AI Benchmarks Flawed: Google Reveals Rating Bias

Google study: AI benchmarks ignore human disagreement; under 10 raters fail

2 min read

Google’s latest internal audit of AI evaluation methods raises a straightforward question: are we trusting too few human judgments when we compare models? The study, released this week, scrutinizes the way benchmark datasets are scored, pointing out that most tests rely on a handful of annotators—often just one to five per example. Researchers ran a massive grid of experiments, mixing different budget sizes with varying numbers of raters, to see how stable the results really are.

Their findings suggest that the conventional approach may be masking substantial disagreement among humans, which in turn can skew perceived performance differences between systems. If the underlying human feedback is noisy, any claim of superiority becomes shaky. The data show a clear pattern: as the rater count drops below a certain threshold, the reliability of the benchmark collapses, putting current practice in doubt.

All told, they tested thousands of combinations across different total budgets and rater counts per example. Fewer than ten raters per example isn't cutting it The results put current practice in question.
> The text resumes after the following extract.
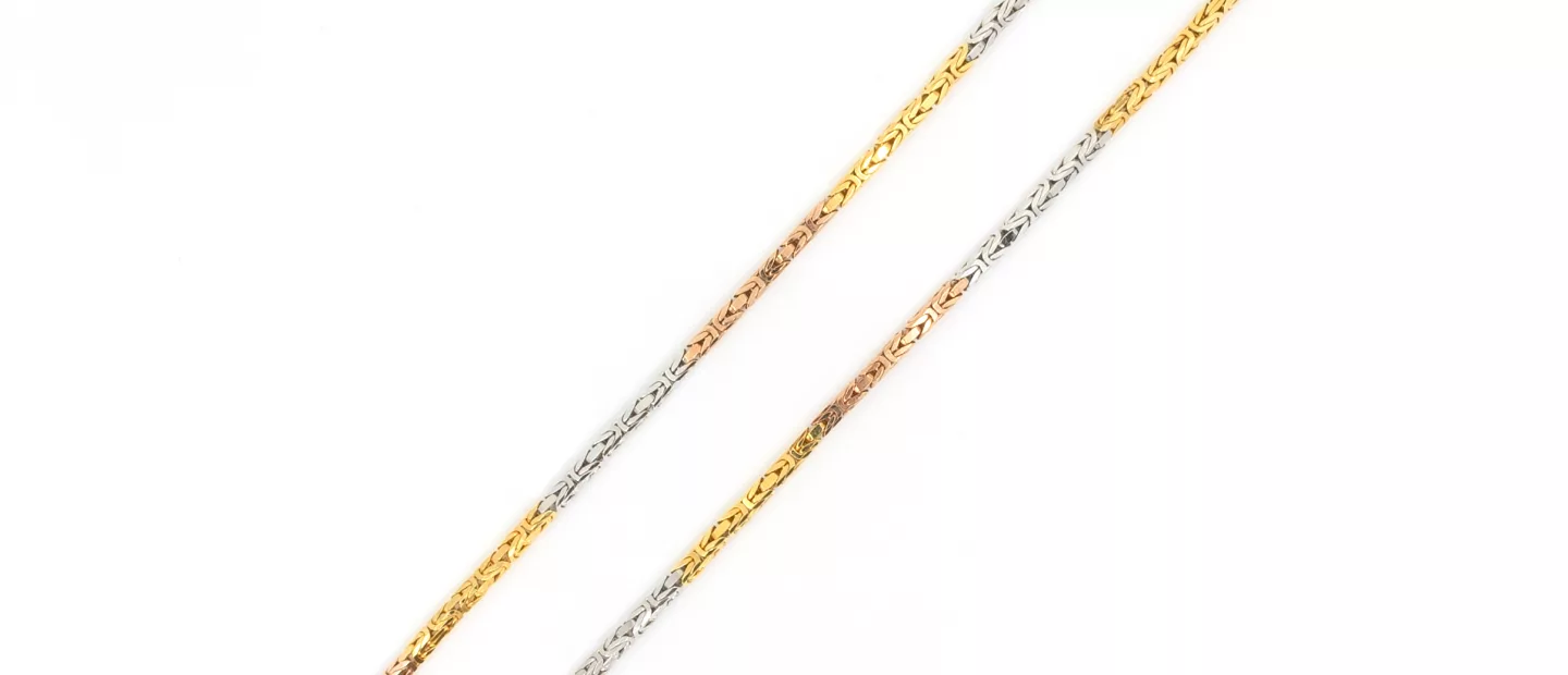 585 Gelb-, Weiß- und Rotgold, punziert, Länge 61,5 cm, Gewicht ca. 54,7 g

The typical one to five raters per test example often aren't enough to make model comparisons reproducible, according to the study.

For statistically reliable results that actually capture the range of human opinion, you generally need more than ten raters per example. The experiments also show that reliable results can often be achieved with around 1,000 total annotations, but only if the budget is split correctly between test examples and raters.

Is ten raters enough? The study suggests it is the bare minimum for reliable AI benchmarks, a stark contrast to the three‑to‑five evaluators most teams still use. By testing thousands of budget‑rater configurations, the researchers discovered that around 1,000 annotations can yield stable results—provided the split between test items and annotators is carefully balanced.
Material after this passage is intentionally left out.